What optimizations do I need to use? And how do I translate the googlenet output into a bounding box? It is unclear to me from just the .prototxt and .caffemodel files how to do this? Could somebody share an example program?
I think you misunderstood me. In the link I posted I am referring to the following excerpt.
“In contrast to core image recognition, object detection provides bounding locations within the image in addition to the classification, making it useful for tracking and obstacle avoidance. The Multimedia API sample network is derived from GoogleNet with additional layers for extracting the bounding boxes. At 960×540 half-HD input resolution, the object detection network captures at higher resolution than the original GoogleNet, while retaining real-time performance on Jetson TX1 using TensorRT.”
I attended the Jetson dev meetup a few months back, and I saw this net being deployed in real time at 30 fps on video. I would like to test out this functionality for myself. Can you please guide me?
For car detector, please follow this page to train a network for your own use-case.
For better performance, the page you mentioned use tensorRT and MMAPI.
Both can be installed with JetPack as well as some sample can guide you to use it.
I believe the detectNet demos in the repo you linked use tensorRT and MMAPI and do not run anywhere close to 30 fps.
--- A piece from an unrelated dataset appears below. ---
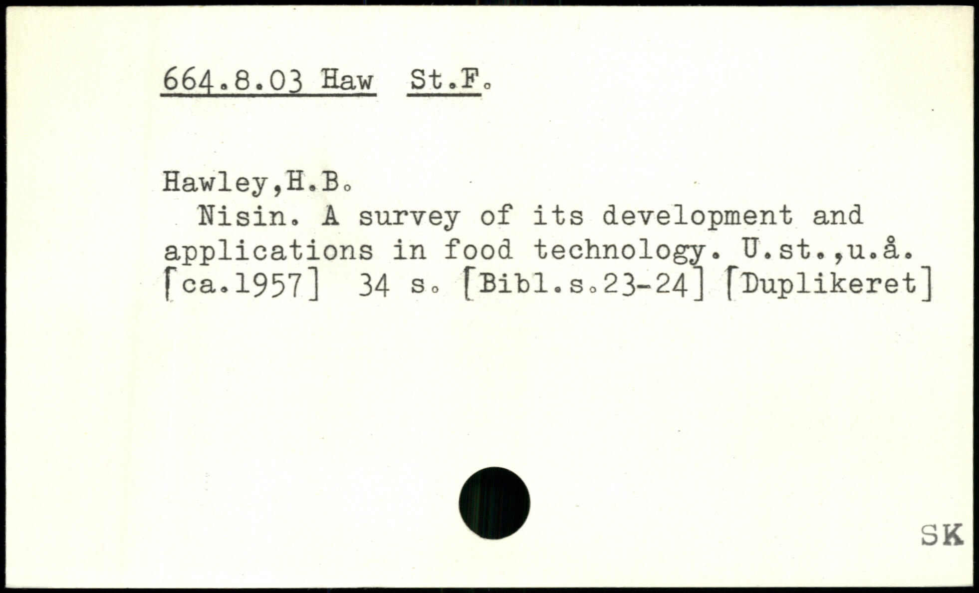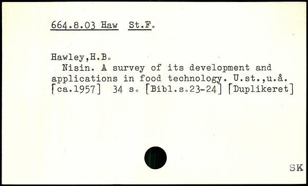 Nisin. A survey of its development and applications in food technology. U.st.,u.a. fca.1957]

How was it that the demo being shown off by the Jetson/NVIDIA team at the Jetson meetup I went to ran at 30fps on HD video stream?
DetectNet can reach about 11fps and gives you an overview of how to deal with DIGITs/TensorRT/MMAPI.
If you are care more about performance, it’s recommended to replace googlenet, which is embedded in detectNet, with other light weight models.
We provided detailed tutorial on how to train and deploy your own model fast with our GPU.
Would you be able to offer any hints as to how to optimize GoogleNet specifically?
11 fps on DetectNet is a signficiant dropoff in performance compared to 30 fps GoogleNet. One is barely real time and pretty much unusable in any application while the other is extremely powerful. That is a pretty big discrepancy.
You can set --gie-proc-interval to 3 which force application to run prediction every 3 frames.
This will show you 30fps display rate as well as 10fps detection rate.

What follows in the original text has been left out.